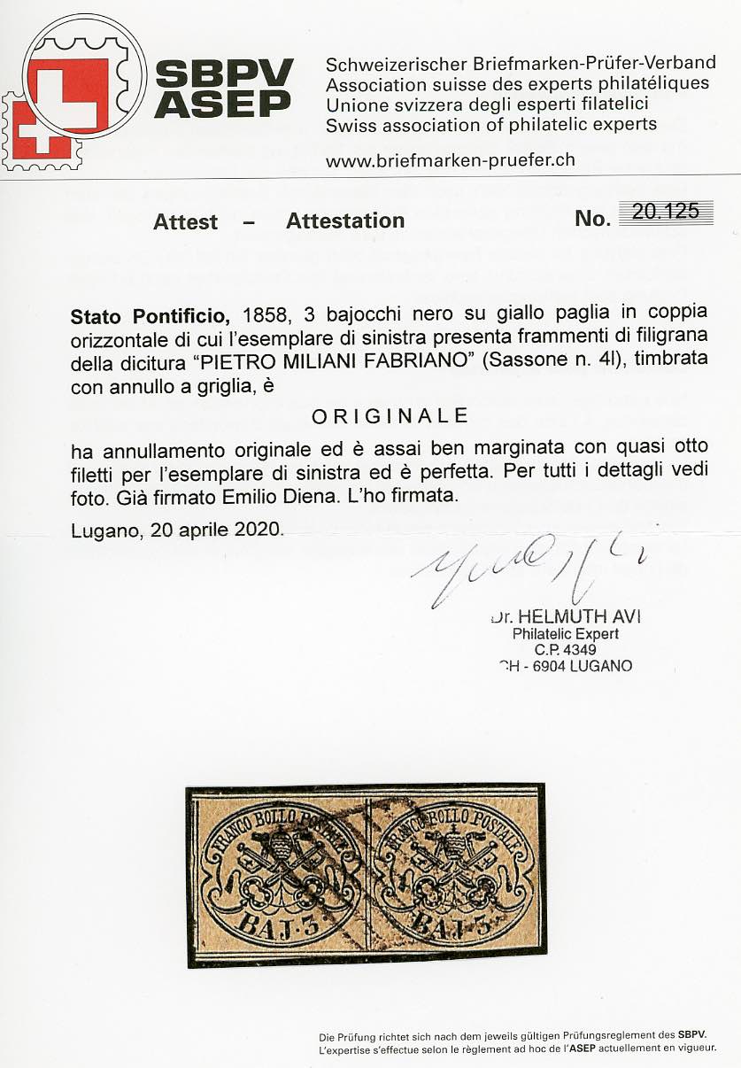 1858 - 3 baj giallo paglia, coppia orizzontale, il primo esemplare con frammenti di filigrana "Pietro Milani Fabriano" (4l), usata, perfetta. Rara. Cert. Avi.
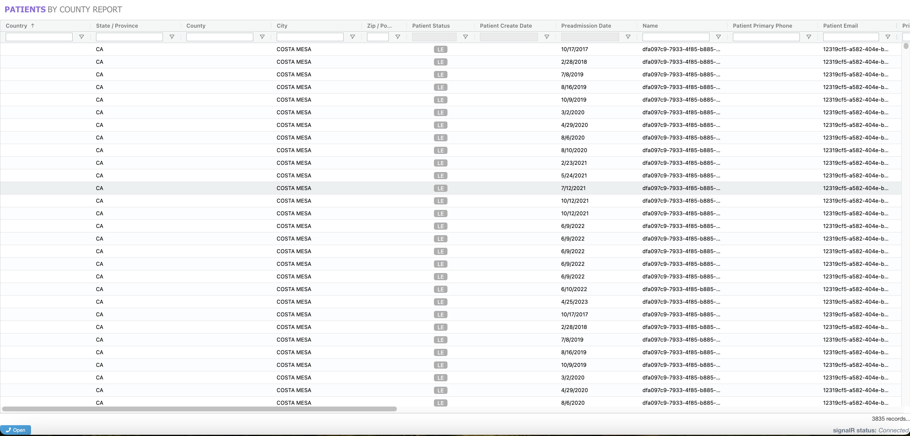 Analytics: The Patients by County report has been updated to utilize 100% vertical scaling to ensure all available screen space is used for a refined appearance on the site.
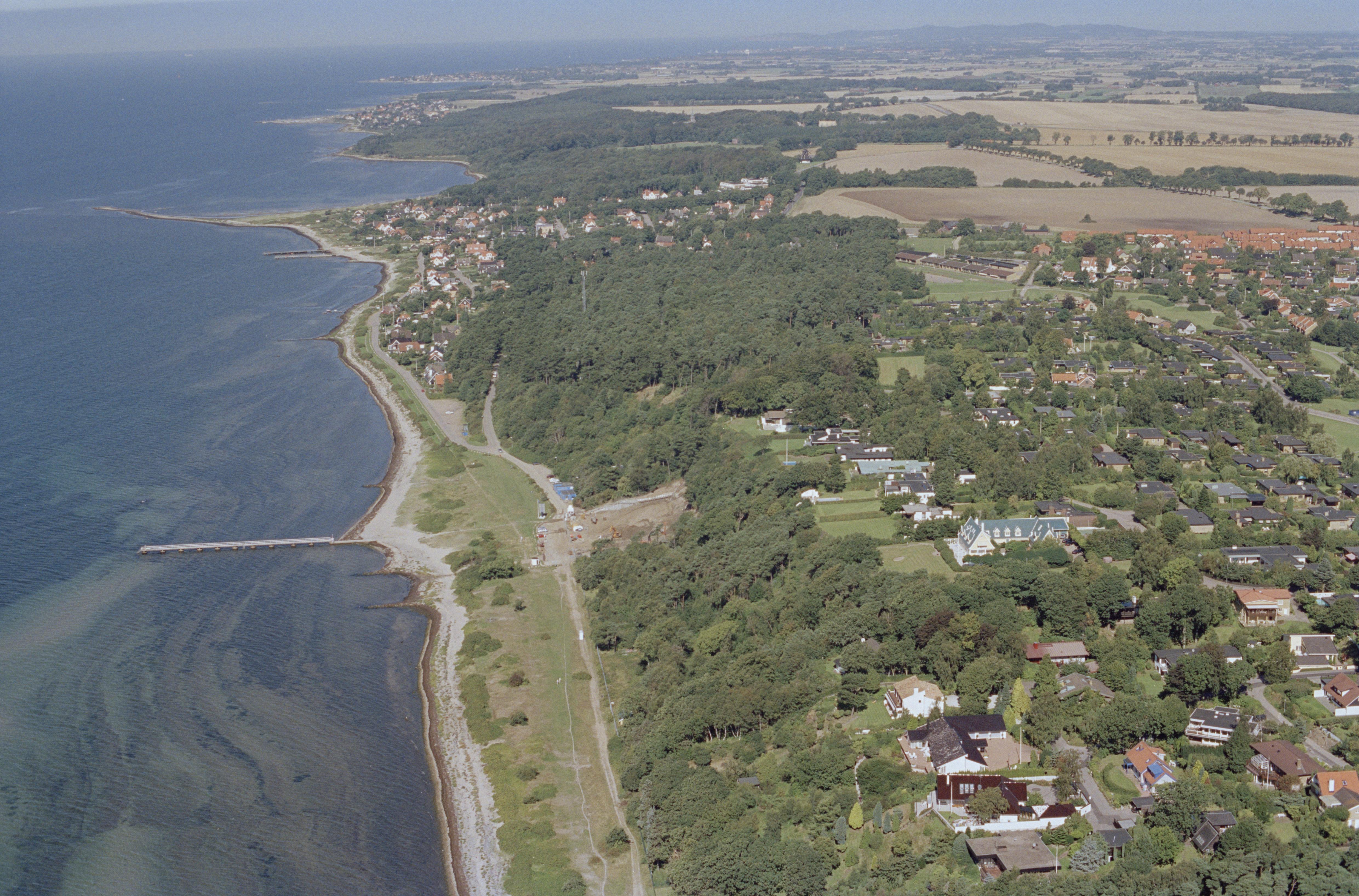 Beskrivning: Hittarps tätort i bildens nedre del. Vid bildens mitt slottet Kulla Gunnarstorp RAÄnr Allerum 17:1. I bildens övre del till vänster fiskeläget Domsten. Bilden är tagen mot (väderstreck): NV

The problem ▸
The listing above should be transcribed word for word, with its pictures left out.

Task solution ▸
 1858 - 3 baj giallo paglia, coppia orizzontale, il primo esemplare con frammenti di filigrana "Pietro Milani Fabriano" (4l), usata, perfetta. Rara. Cert. Avi.
 Analytics: The Patients by County report has been updated to utilize 100% vertical scaling to ensure all available screen space is used for a refined appearance on the site.
 Beskrivning: Hittarps tätort i bildens nedre del. Vid bildens mitt slottet Kulla Gunnarstorp RAÄnr Allerum 17:1. I bildens övre del till vänster fiskeläget Domsten. Bilden är tagen mot (väderstreck): NV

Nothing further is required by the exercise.